Items from a dataset:

------------------------------------------------

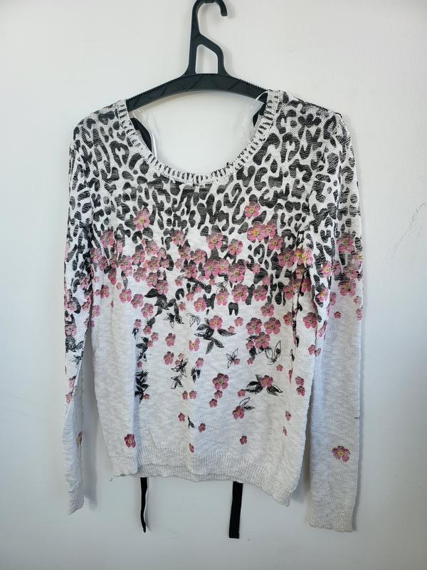 Кофта Serianno Красивая интересная кофта, сзади лента. Она легкая из хлопка, но и не летняя. Принт нанесений зверху на Вязаний виріб. Плечи 44 примерно, так как регулируется лентой. Грудь 49 Длина 64
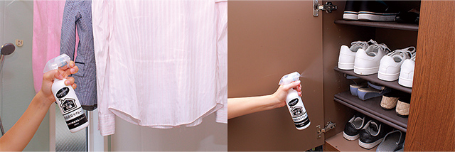 靴の嫌なニオイは、特に実感していただきやすいです。靴の中に除菌消臭スプレーをかけて、軽く乾かしてから嗅ぐと、「ニオイが無くなった!」と驚く方が多いです。
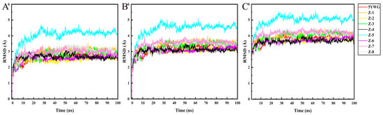 3.4. MD Simulation and Binding Free Energy Calculation
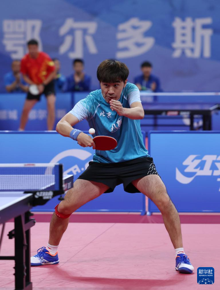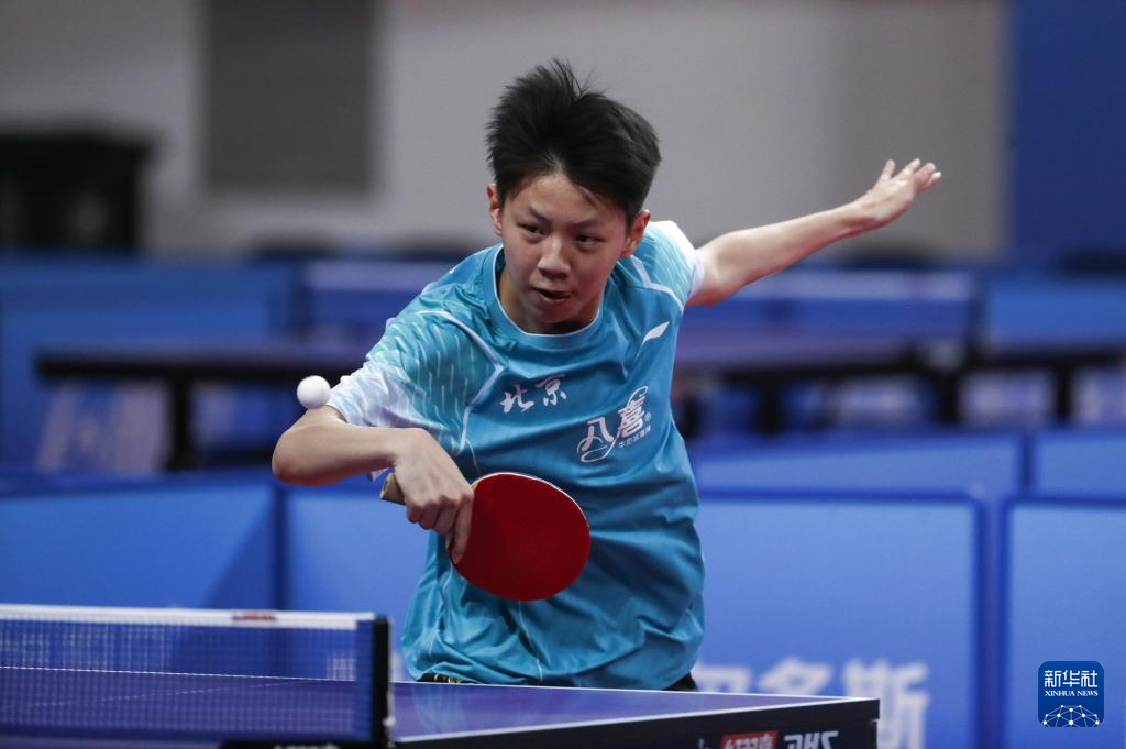 当日,在内蒙古鄂尔多斯举行的2024年全国乒乓球锦标赛男子团体小组赛首轮比赛中,北京八喜队3比0战胜甘肃队。
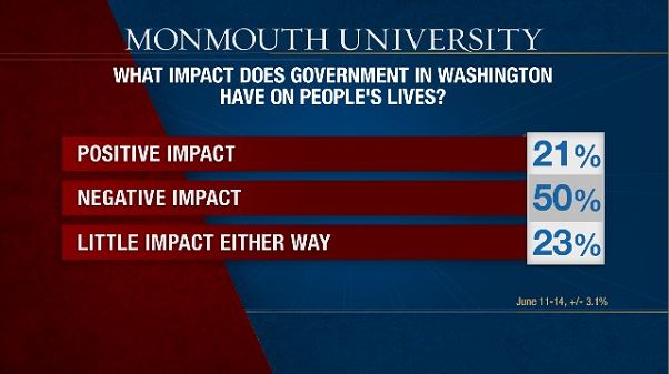 It’s no surprise the country doesn’t like Washington, but Americans remain hopeful it can change. Take a look at these numbers from a new Monmouth University poll. Half of Americans feel the current government in Washington has a negative impact on people’s lives. Just 21% say it has a positive impact
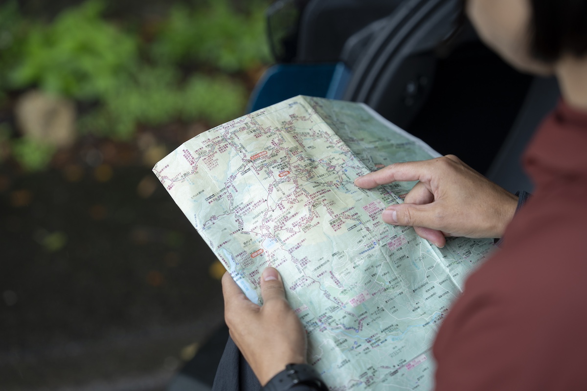 電波の届きづらい山中では、地図もアナログ版を携行する。
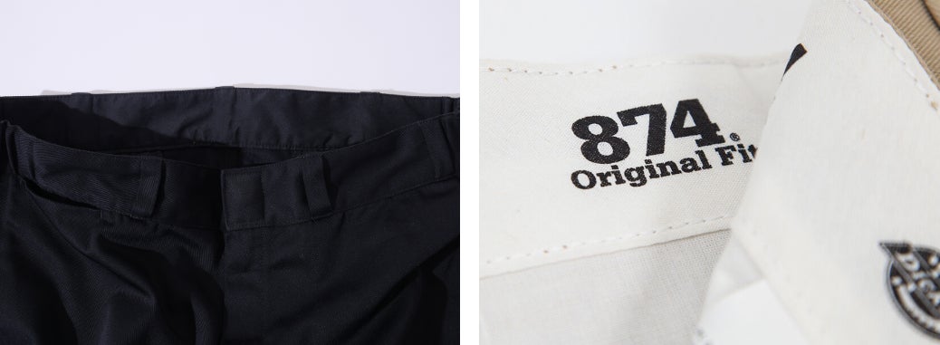さらにウエスト裏のスレキにもひと工夫。通常は“874”の文字が羅列されている箇所を、無地に変更し、よりシンプルな印象に整えました。
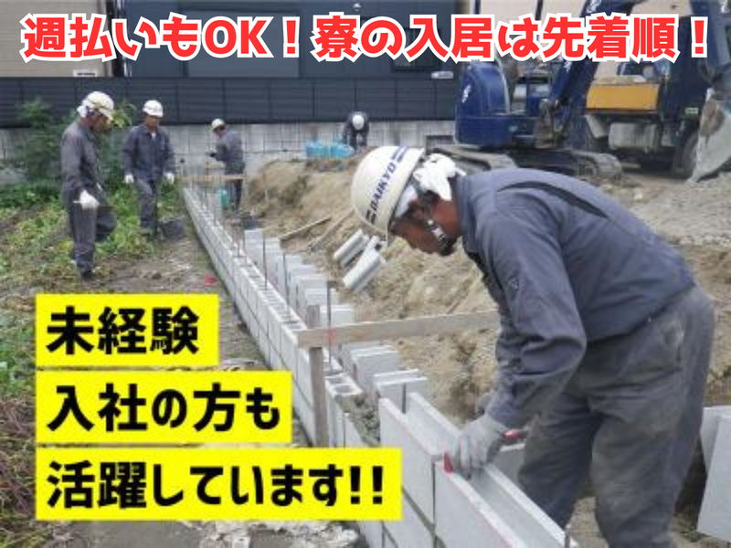 仕事内容 ⭐今なら社員寮が【1室のみ】空いています ⭐早い者勝ちで、すぐに入寮OKです! _/_/_/_/ ここがポイント _/_/_/_/ ★履歴書不要!即面接×即勤務OK ★寮完備&週払いアリで安心! _/_/_/_/_/_/_/_/_/_/_/_/_/_/_/ / 『大共』は頑張るあなたを 応援し続けます!! \ 「従業員を守ること」をモットーに 社長自らが徹底的に従業員をサポート! 困ったことや気になることがあれば、 社長が現場に出向いて解決まで導きます。 スタッフ想いな会社で働くなら『大共』へ! <仕事内容> 一般土木工事現場での 手元作業をお願いします。 <具体的には> ・用具や道具の準備や片付け ・資材の運搬 ・簡単な軽作業 など <主な勤務地> 名古屋市近郊 *元請け会社が多く、 外構工事や復旧工事をはじめ、 道路工事・舗装工事など 様々な現場があります。 年間を通して業務量が安定しているので 「明日は仕事があるのかな...?」 なんて心配は不要です! 【事業内容】 土木工事業 【雇用形態】 アルバイト・パート
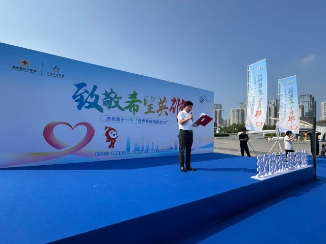 9月20日是第十一个“世界骨髓捐献者日”。为弘扬“人道、博爱、奉献”的红十字精神,当天上午,河南省红十字会与河南省体育彩票管理中心郑州东区分中心在郑东新区如意湖广场联合举办“致敬希望英雄”暨第十一个“世界骨髓捐献者日”主题宣传活动。

------------------------------------------------

### What needs to be done
The copy should hold exactly the lines above from the one with "It’s no surprise" through the one with "さらにウエスト裏のスレキにも", both ends counted, and no pictures at all.

### Problem solution
 It’s no surprise the country doesn’t like Washington, but Americans remain hopeful it can change. Take a look at these numbers from a new Monmouth University poll. Half of Americans feel the current government in Washington has a negative impact on people’s lives. Just 21% say it has a positive impact
 電波の届きづらい山中では、地図もアナログ版を携行する。
さらにウエスト裏のスレキにもひと工夫。通常は“874”の文字が羅列されている箇所を、無地に変更し、よりシンプルな印象に整えました。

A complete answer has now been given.